= Dataset content =
════

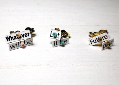 こちらもメトロカードより抜粋された言葉で作った小さなピアスです。作る際に密かに英語力が試されます。着けてみると、左右の言葉が違い、正面から見た時に意味が分かるので、相手に密かなメッセージを送る事が出来ます。意味深な言葉を選ぶも良し、ポジティブな言葉を選ぶも良し、気分に合わせて使って欲しいです。
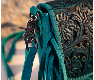 Leather Tooled Fringe Vintage Pattern Crossbody - Deep Blue
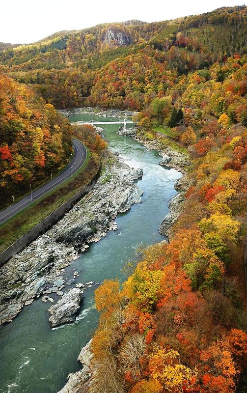 ASAHIKAWA, Hokkaido -- Kamuikotan is an area where the Ishikarigawa river flows through a steep gorge. Famous for its colorful autumn leaves, it is a sacred place for the Ainu people. In the Ainu language, "kamui" means deity and "kotan" means abode.

════

= To do =
Please repeat everything in the data above except the pictures, exactly as it reads.

= Reply =
 こちらもメトロカードより抜粋された言葉で作った小さなピアスです。作る際に密かに英語力が試されます。着けてみると、左右の言葉が違い、正面から見た時に意味が分かるので、相手に密かなメッセージを送る事が出来ます。意味深な言葉を選ぶも良し、ポジティブな言葉を選ぶも良し、気分に合わせて使って欲しいです。
 Leather Tooled Fringe Vintage Pattern Crossbody - Deep Blue
 ASAHIKAWA, Hokkaido -- Kamuikotan is an area where the Ishikarigawa river flows through a steep gorge. Famous for its colorful autumn leaves, it is a sacred place for the Ainu people. In the Ainu language, "kamui" means deity and "kotan" means abode.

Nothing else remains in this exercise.